Faster Touch ID is obviously a good thing.
No. The problem isn’t that authentication happens quickly, but that it’s now impossible to read my notifications without some crappy workaround to how I’ve been unlocking my phone for several years. Essentially, lock screen notifications, which were a part of my daily workflow, now disappear too fast to read them, and I’m reminded of this almost every time I unlock my phone, which is several hundred times a day.
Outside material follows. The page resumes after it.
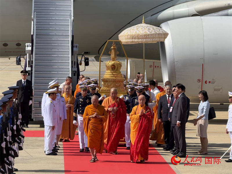 北京靈光寺佛牙舍利抵達泰國曼谷廊曼軍用機場。人民網(wǎng)記者 章念生攝

Imagine you launch your favorite Twitter client, and every time the app launches, it shows a screen with your latest activity (mentions, DMs, maybe some stats) but then the screen immediately disappears and shows you the regular timeline. That’s a bug, right? No one is going to argue with me that it wouldn’t be buggy behavior to have such a useful screen disappear a millisecond after it appears. You wouldn’t argue that I should launch the app differently, or that if I swipe down from the top of the screen that the view would reappear, and that makes it okay. You’d wonder why the screen shows up at all if I’m not supposed to be able to read it. You’d call it a bug.
Well, the lock screen in iOS has this bug.
If the true goal of faster Touch ID is to get you authorized and on your way much faster, then why show the lock screen at all? If by the time I’ve clicked on the home button, Touch ID has already scanned my print and decided I’m good to go, why not skip the lock screen (and the slow animation of icons onto the screen[3]) and just show me my home screen immediately?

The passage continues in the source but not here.